Task statement - Exact copy, no pictures: return only the lines below from the line with "light (3000K). |" up to and including the line with "Музыкальные ноты и".

Materials provided -
_____

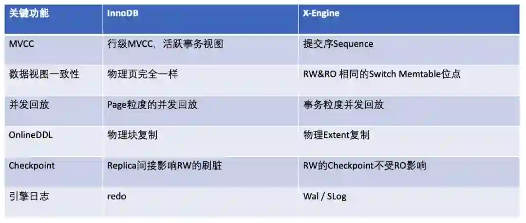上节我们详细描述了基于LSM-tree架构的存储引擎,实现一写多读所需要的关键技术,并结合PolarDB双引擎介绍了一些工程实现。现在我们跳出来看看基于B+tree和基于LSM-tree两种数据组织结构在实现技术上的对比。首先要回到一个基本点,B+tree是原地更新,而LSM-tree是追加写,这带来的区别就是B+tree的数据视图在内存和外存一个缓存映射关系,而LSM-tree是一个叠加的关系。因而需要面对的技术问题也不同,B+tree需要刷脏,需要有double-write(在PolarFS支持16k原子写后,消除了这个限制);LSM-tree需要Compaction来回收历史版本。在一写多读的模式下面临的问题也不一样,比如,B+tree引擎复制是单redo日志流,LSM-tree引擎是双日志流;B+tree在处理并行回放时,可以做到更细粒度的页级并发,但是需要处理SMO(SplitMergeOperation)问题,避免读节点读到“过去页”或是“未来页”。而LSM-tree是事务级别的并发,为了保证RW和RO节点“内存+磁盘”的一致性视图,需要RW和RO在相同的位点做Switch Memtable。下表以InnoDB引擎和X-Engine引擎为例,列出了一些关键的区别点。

_____

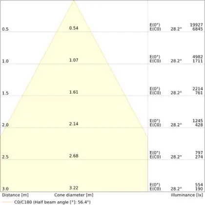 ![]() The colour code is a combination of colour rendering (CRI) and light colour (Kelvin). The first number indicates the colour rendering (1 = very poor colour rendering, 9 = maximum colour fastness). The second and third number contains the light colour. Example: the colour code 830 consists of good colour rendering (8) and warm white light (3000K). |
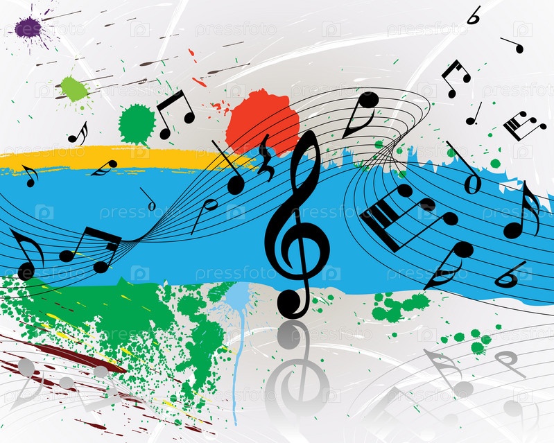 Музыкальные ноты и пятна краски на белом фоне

_____

Task result -
 ![]() The colour code is a combination of colour rendering (CRI) and light colour (Kelvin). The first number indicates the colour rendering (1 = very poor colour rendering, 9 = maximum colour fastness). The second and third number contains the light colour. Example: the colour code 830 consists of good colour rendering (8) and warm white light (3000K). |
 Музыкальные ноты и пятна краски на белом фоне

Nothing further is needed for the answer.